In a letter from 1946, Fred Stein describes the flight story of his family in detail to his friends and relatives. After Fred and Lilo Stein had already left Germany in 1933, they first lived in Paris for several years, where they made photography their profession. In this excerpt from his letter, Stein reports on this professional new beginning and the emigrant networks in the city.

Fred Stein, self-portrait, 1941, with kind permission of Peter Stein © Fred Stein Archive

We left Dresden and Germany in the night – between “Harvest-Thanksgiving and Hindenburg’s birthday. 11The harvest thanksgiving festival was celebrated by the National Socialists for the propaganda of their “blood and soil” ideology as “Reichserntedankfest” (Reich Harvest Thanksgiving Festival) with a mass event, for the first time on October 1, 1933. Paul von Hindenburg (1847-1934), who as Reich President (1925-1934) had appointed Hitler as Reich Chancellor, had his birthday on October 2. The ocean of swastikas on the last day, made the otherwise difficult departure, easier.

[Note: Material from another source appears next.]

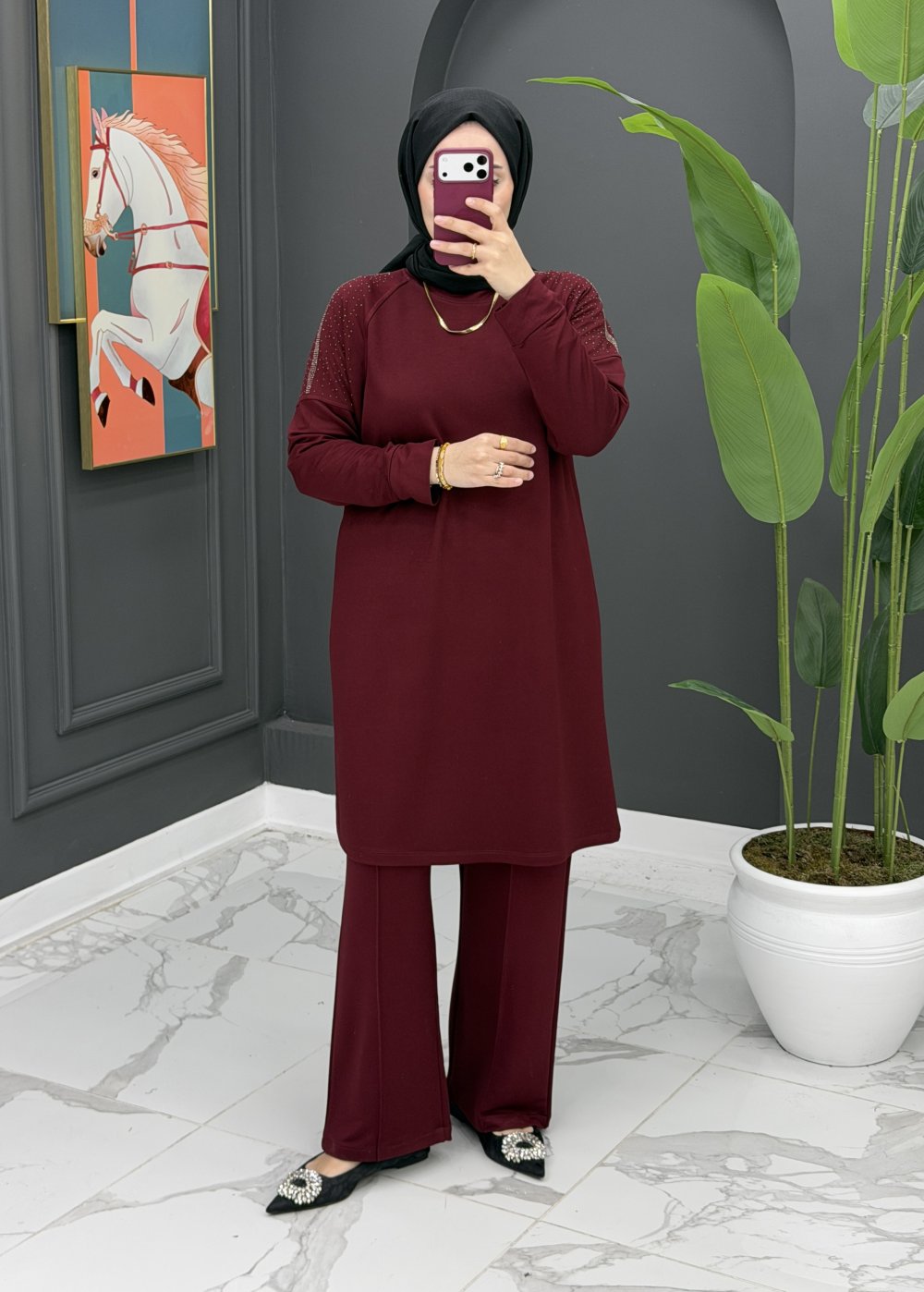 Derin pantolonlu takım

After a short stay in the (at the time independent) Saar we arrived on Oct. 7, 1933 on French soil – which we regarded at the time as temporary. Now the problem of a profession was urgent. Jurisprudence was out of the question for people without money. (There was no night study in France). We did not have – as many former lawyers had already – a lot of clients among the refugees. A lawyer was only allowed to practice ten years after naturalization (which was nearly impossible for a former German – and at the time it was not yet our plan to leave Germany forever. So jurisprudence which had been very close to my heart was out of the question for me. A substitute idea was to sell insurance (together with Herbert Zucker) – but the lack of talent for business is so incarnate with me that I was very unhappy and not successful at all. In the meantime Lilo tried to become a cook for a collective of 35 people in a toy factory in a suburb of Paris – so that I could possibly enter there later. She did not know the amount of work with which they burdened her – (Later 2 or 3 people did what she had tried to do alone.)  and she broke down. I looked for a handycraft, not because of enthusiasm but because of desparation- and the consideration that I need an international profession.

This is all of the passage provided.